You are just so much better in every aspect… and I don’t mean to compare, but how can I ~not~? 
The way you open the car door for me and kiss me on the lips before closing it for me, once I’m seated in. 
The way you remind me every day to drive home safe after work. 
The way you caress and cuddle me, and make sure I’m deeply satisfied sexually. 

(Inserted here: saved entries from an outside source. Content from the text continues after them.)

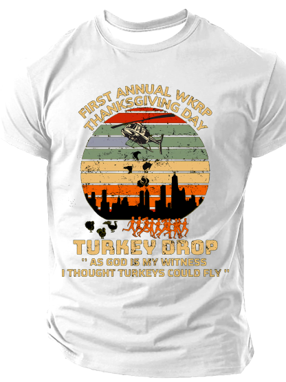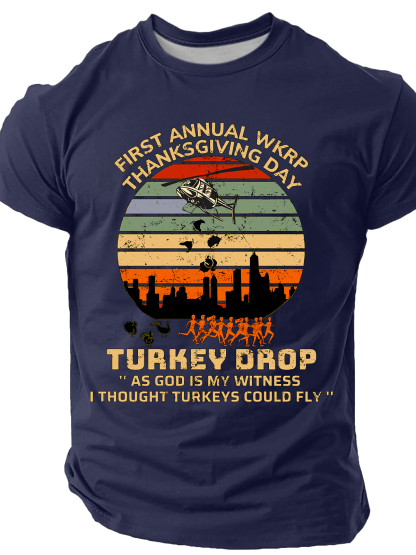 Men's As God Is My Witness I Thought Turkeys Could Fly Thanksgiving Turkey Funny Short Sleeve T-shirt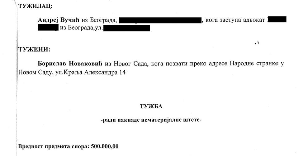 Prenosimo vam objavu Borislava Novakovića i fotografije tužbe: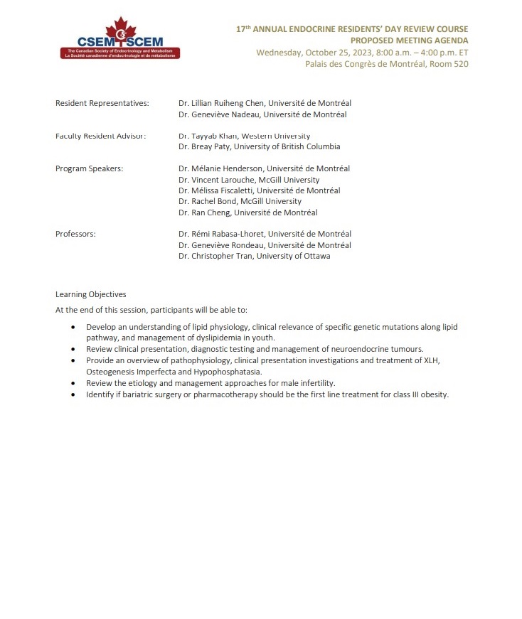 Canadian Endocrine Residents’ Day Review Course 2023 (17th annual)

-you seem to put my pleasure before yours- 
The way you show up for my mom and sister, like taking my mom for dinner on Mother’s Day and getting my sister a birthday gift (it’s the little things.) 
The way you touch my face while laying there. 
The way you do your best to make sure my car is okay – you even learned new things to fix some issues. 
The way you let me have my way. 
The way you’ve never purposely commented bad on my looks, the way others have done. 
Oh how much I adore you. 
——
03/31/2022: what kind of twenty-five-year-old scribbles her boyfriend’s name on her notebook as if she was a thirteen-year-old?  

——
Far from being rich but I feel like I won the lottery with you. 
——
06/22/2022: hard day. Feeling like I suffer for two people: my boyfriend and me. 
——
I forgot who I was before I met you, and I don’t want to know who I will be after you. 
——
My hair feels purposeless unless you’re breathing into it.